I don't have any advice, just that I'm sorry you're feeling this way and I know how you feel.

Meewah
26-08-12, 02:32
Hi great thread.

I feel a fear of death is completely normal as we have evolved to survive and death is the complete opposite. While ever you have this fear you will work your hardest to avoid situations that could risk your life or others that you care for. The problems come when your fear of death is so obsessive that your quality of life is effected and this is by the sound of it is where you are at the moment?

I felt like this and decided to deal with it head on. I studied Buddhism and it showed me that you can almost be totally at peace with the suffering and death we are all going to experience. I learnt to think about death in a controlled manor and to meditate about death and lying in a coffin listning to what people had to say about me good and bad. This empowered me to change what people were going to say about me and focus on doing good in the world, you know helping the less fortunate, This has helped me greatly as it has made me more humble. I found that everything I had worked for car, house etc in actual fact made me fear death more because I had more to lose, if that makes sense?

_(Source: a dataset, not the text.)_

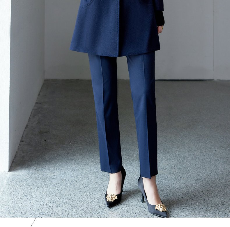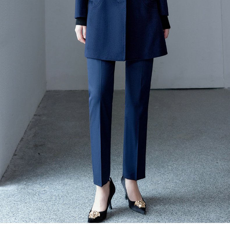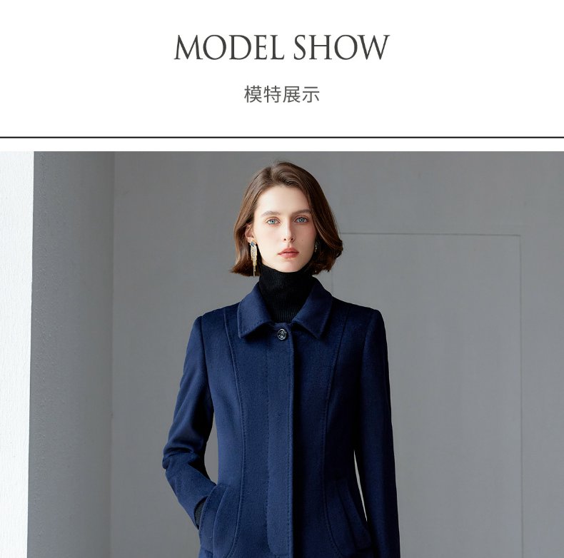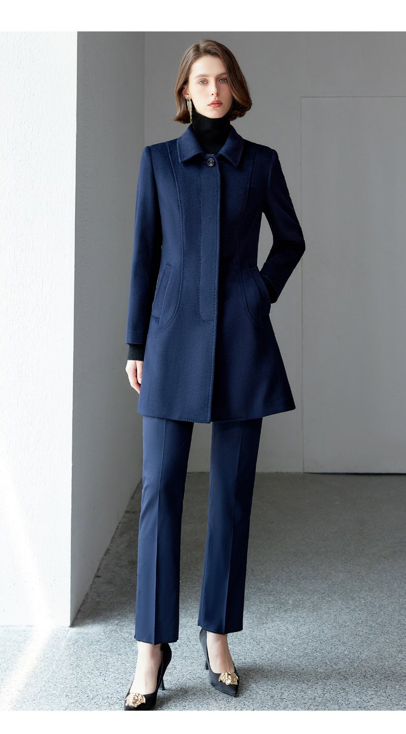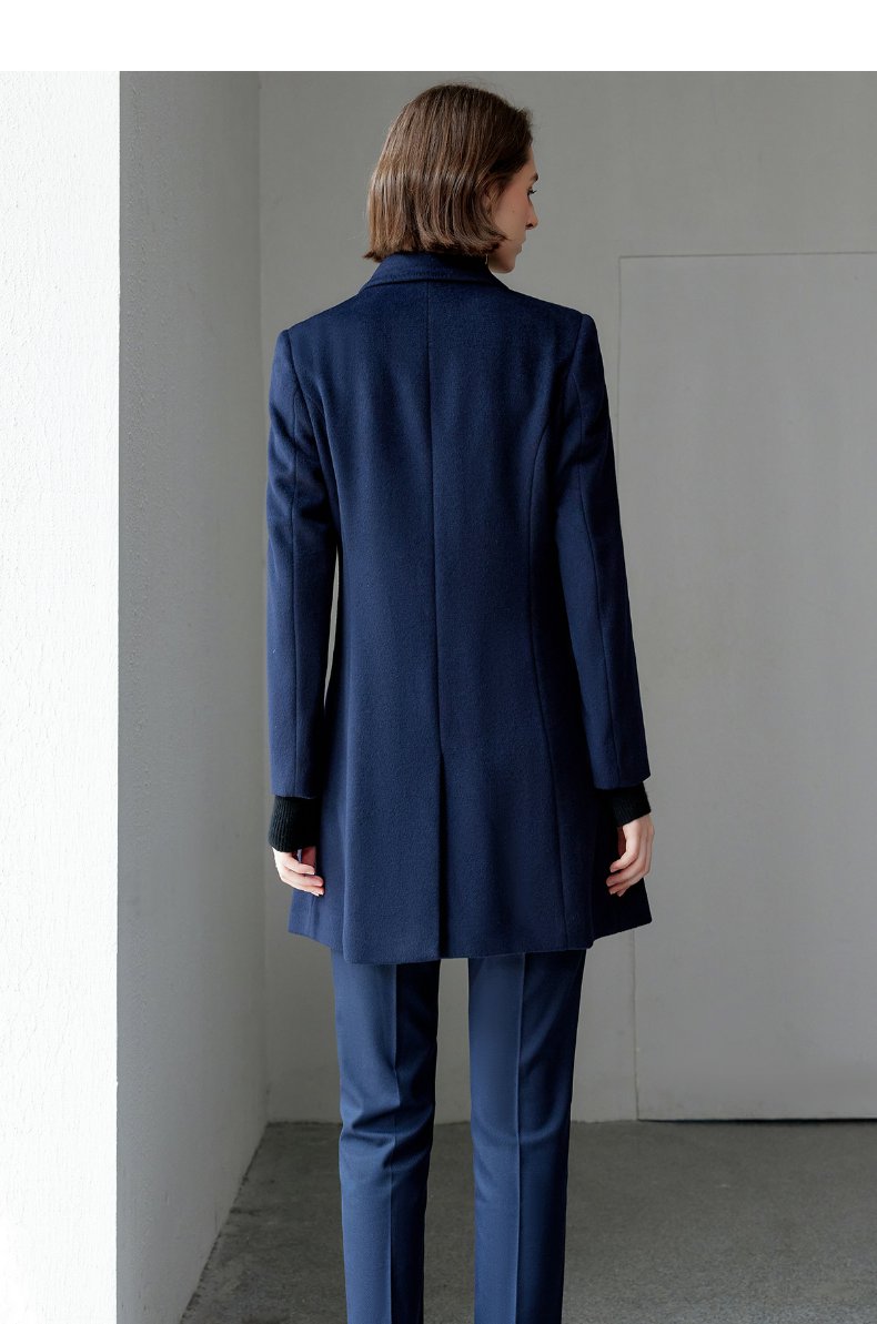 IWY/藏青色羊毛大衣女双面毛呢外套秋冬物业工服ND9020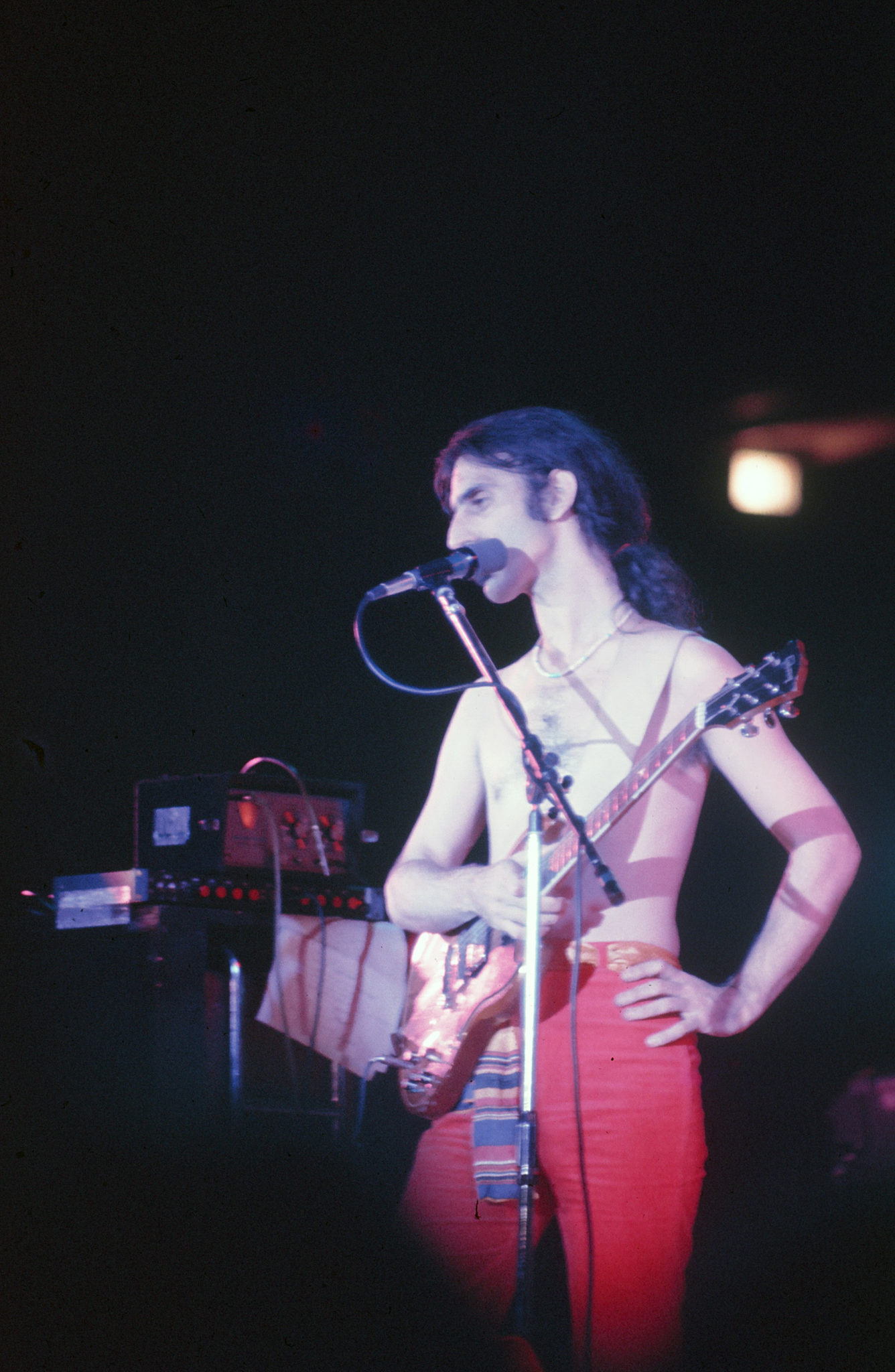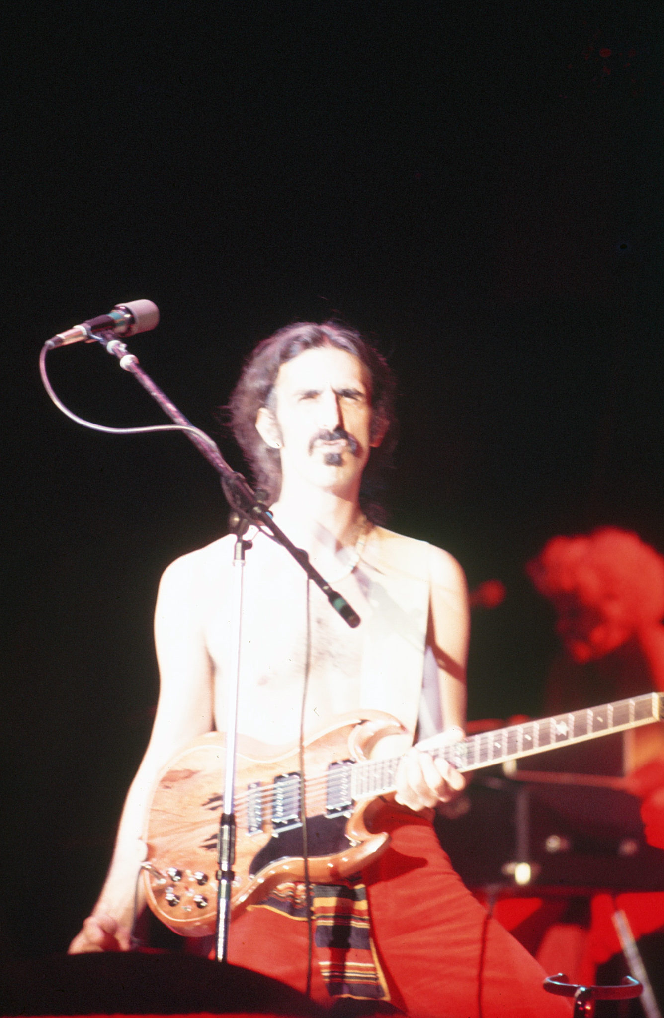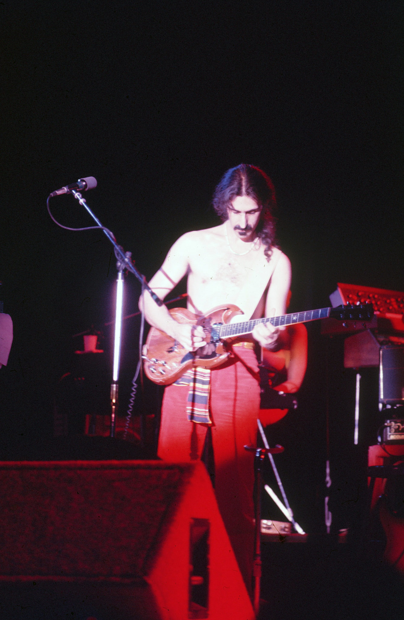 “You people don’t feel any discomfort at all, do you?” Zappa asked. With that, the band played a crazy avant garde classical piece called “Discomfort,” which fit its title to a T. The vocal style especially drew from the work of Zappa idol Edgard Varese. Then they quickly ran through a bluesy “My Guitar Wants To Kill Your Mama” and an abbreviated “Apostrophe.”

I love this quote:- If one person says, "I know what will happen to me after my death" you can know with certainty only one thing, and that is, this person has a huge innate fear of death to which they apply, a belief to overcome it. Be aware that if you scratch the surface of such a person's belief you will scratch their fear and, as in all animal nature, their behavior will be unpredictable, aggressive and protective.

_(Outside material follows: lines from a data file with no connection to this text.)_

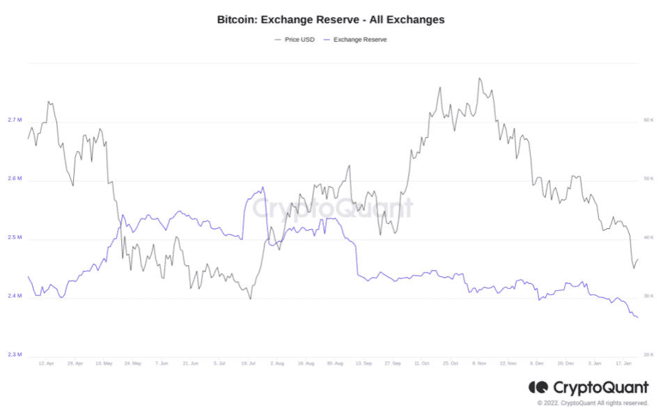 Medzi 7. decembrom a 28. decembrom 2021 sa rezervy Bitcoinu 21 hlavných platforiem monitorovaných CryptoQuant zvýšili z 2,396 milióna na 2,428 milióna mincí. Potom sa obnovil dlhodobejší klesajúci trend a od pondelka bola bilancia búrz na úrovni 2,366 milióna BTC.
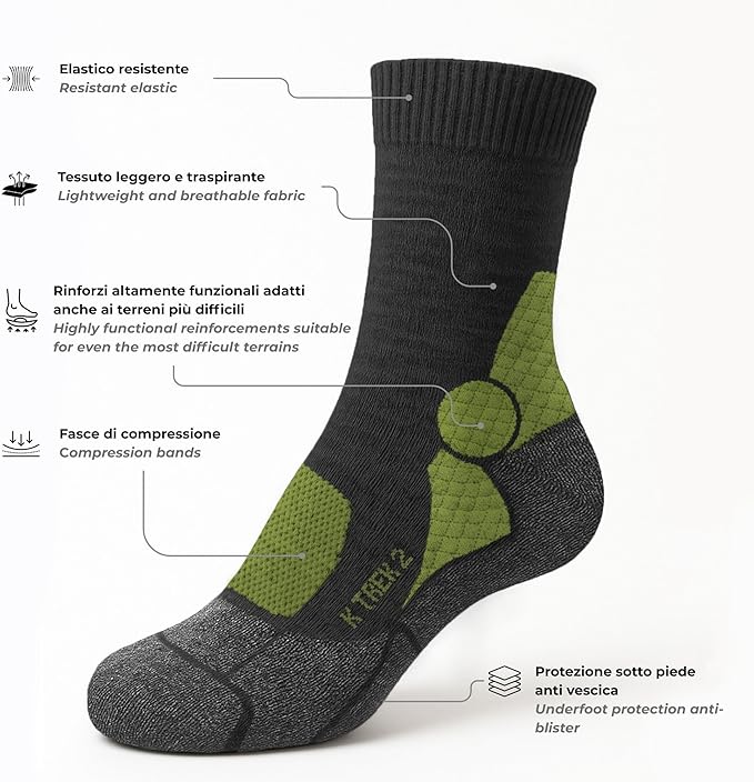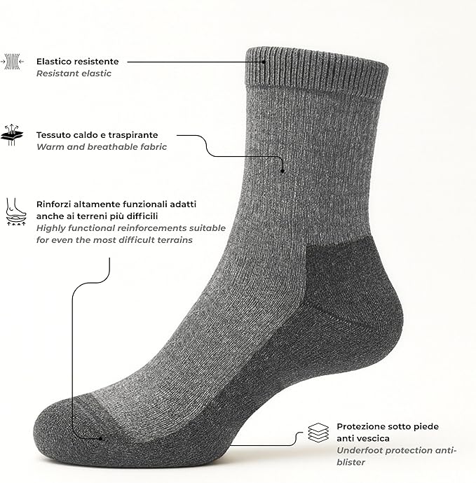 Calze tecniche in lana merino, pensate per chi vive la montagna con passione.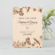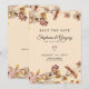 Autumn Boho Wildflower Wedding Save the Date in colorful fall hues of burgundy, peach, green and orange. Wedding website on the back.

We all fear death and the unknown but when it comes we will be ready for it and it will probably come to relieve us of the suffering of life. In between this we will enjoy what we have and value the people we love as worrying about it is wasting the time we have for the people we love.

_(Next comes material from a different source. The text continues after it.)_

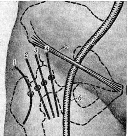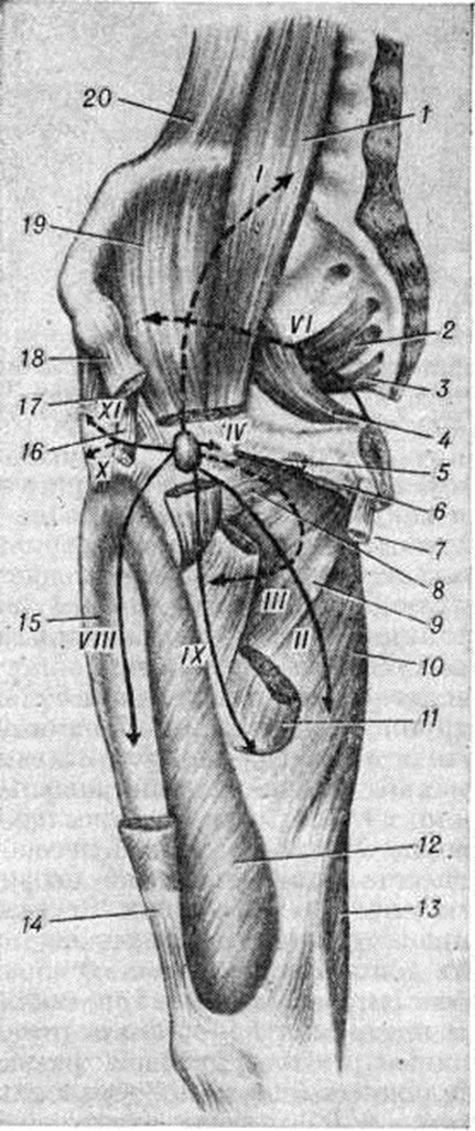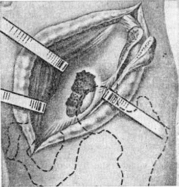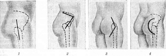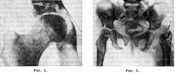 В ранней стадии развития острого гнойного Коксит (в среднем до 2 недель), когда изменена только синовиальная оболочка суставной капсулы, рентгенологическое картина сустава остаётся нормальной. К первым рентгенологическое проявлениям заболевания относятся остеопороз, появление краевых узур головки у места прикрепления капсулы, сужение суставной щели вследствие разрушения хряща, частичный остеолиз замыкающей суставной пластинки. При дальнейшем распространении деструктивного процесса развивается неподвижность в суставе, вызванная сильной болью. Сустав припухает, краснеет, образуются гнойные затеки. Болезнь быстро прогрессирует. Самопроизвольное вскрытие гнойников или артротомия значительно уменьшают интоксикацию и боль, но остаётся свищ с большим или меньшим гнойным отделяемым; разрушения сустава прогрессируют, приводя к порочной установке конечности и грубым анатомо-функциональный нарушениям. На рентгенограмме суставные поверхности приобретают нечёткие и неровные контуры, головка бедренной кости уменьшается, суставная впадина расширяется, нарастает остеопороз. В фазе затихания наблюдается постепенный исход в деформирующий коксартроз либо в фиброзный или костный анкилоз (смотри полный свод знаний). Наиболее опасны Коксит, развивающиеся вследствие пупочного сепсиса или эпифизарного остеомиелита,— так называемый инфантильные артриты. В этих случаях разрушения проксимального конца бедренной кости особенно велики и анатомо-функциональный нарушения весьма выражены, Для лечения гнойного Коксит важное значение имеет определение чувствительности микрофлоры к антибиотикам. Лечение включает обязательную строгую иммобилизацию сустава. Операции показаны при выраженных деструктивных процессах и наличии гнойных затёков. Задачей их является широкое вскрытие сустава и гнойных скоплений с созданием свободного оттока гноя. Поэтому в активной фазе гнойных Коксит наиболее частая операция — дренирующая артротомия со вскрытием всех затёков. На рисунок 12 изображены затеки, имеющие наибольшее клиническое значение (по В. Ф. Войно-Ясенецкому). Сквозное промывание сустава антибиотиками и антисептиками, дезинтоксикационные мероприятия, общеукрепляющая терапия, пассивная иммунизация с помощью антистафилококковой плазмы, антистафилококкового гамма-глобулина позволяют в ряде случаев добиться ликвидации процесса и в дальнейшем восстановить подвижность сустава. Однако более типичный исход — костный или фиброзный анкилоз тазобедренного сустава. В случае анкилозирования в порочном положении конечности в дальнейшем приходится прибегать к корригирующим операциям (смотри полный свод знаний Остеотомия). Особенно тяжело протекают гнойные Коксит огнестрельного происхождения в связи с наличием размозжённых и некротизированных тканей, костных осколков и инородных тел в ране и так далее Характерно развитие обширных флегмон. Огнестрельные Коксит чаще других осложняются сепсисом, септикопиемией, раневым истощением. Лечение этих Коксит принципиально то же, но необходимы более обширные резекции. Исходы этих Коксит менее благоприятные.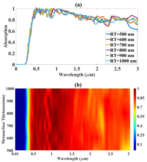 - Patel, S.K.; Charola, S.; Parmar, J.; Ladumor, M. Broadband metasurface solar absorber in the visible and near-infrared region. Mater. Res. Express 2019, 6, 086213. [Google Scholar] [CrossRef]

My advice is study death and it will lose its hold on you.

Take Care

Mee

graham58
30-08-12, 17:45
Oh its nice up Bodmin, I'm down near Penzance with the fishermen :D

Lucky you, it's lovely down there. Mousehole is one of my favourite places anywhere. I had the good fortune to eat Starry Gazey Pie in the Ship Inn in Mousehole, on Tom Bawcock's Eve (Dec 23rd) a few years back.

PanchoGoz
30-08-12, 18:52
Ar its yum

dazzadoo123
30-08-12, 19:33
hi everyone just wanted to say its a big phobia of mine also..im sure it fuels
my anxiety big time :-( think im more scared of it as i have 2 children ect and wanna be with them forever its bizzare i so wish i never feared it and let it
become such a phobia,, ive had it years but lately its been pretty bad i just
understand how bad it is for some of you and just wanted to vent its part of
my anxiety aswell :scared15:
dazza....

Sparkle1984
30-08-12, 20:45
This is my main theme at the moment, it's awful but I'm trying my best to overcome it. Reading some of the previous posts has helped to put my mind at ease, although there will always be doubt as no one knows for sure exactly what happens when someone dies (in the spiritual sense).

Annie-pannie
31-08-12, 13:52
I don't fear my own death but I fear the death of my children. I fear not been able to cope in this life without them. It scares me some days to such an extent that I lose my breath and get major panic attacks.
I just don't know how to deal with this fear as it is something I cannot control. Everytime you read a book on keeping children safe it deals with issues you can control.
How do I overcome my anxiety when their is no guarantee to keep them safe. They say it is not good to think of "what ifs" because if it is going to happen it will - this scares the hell out of me.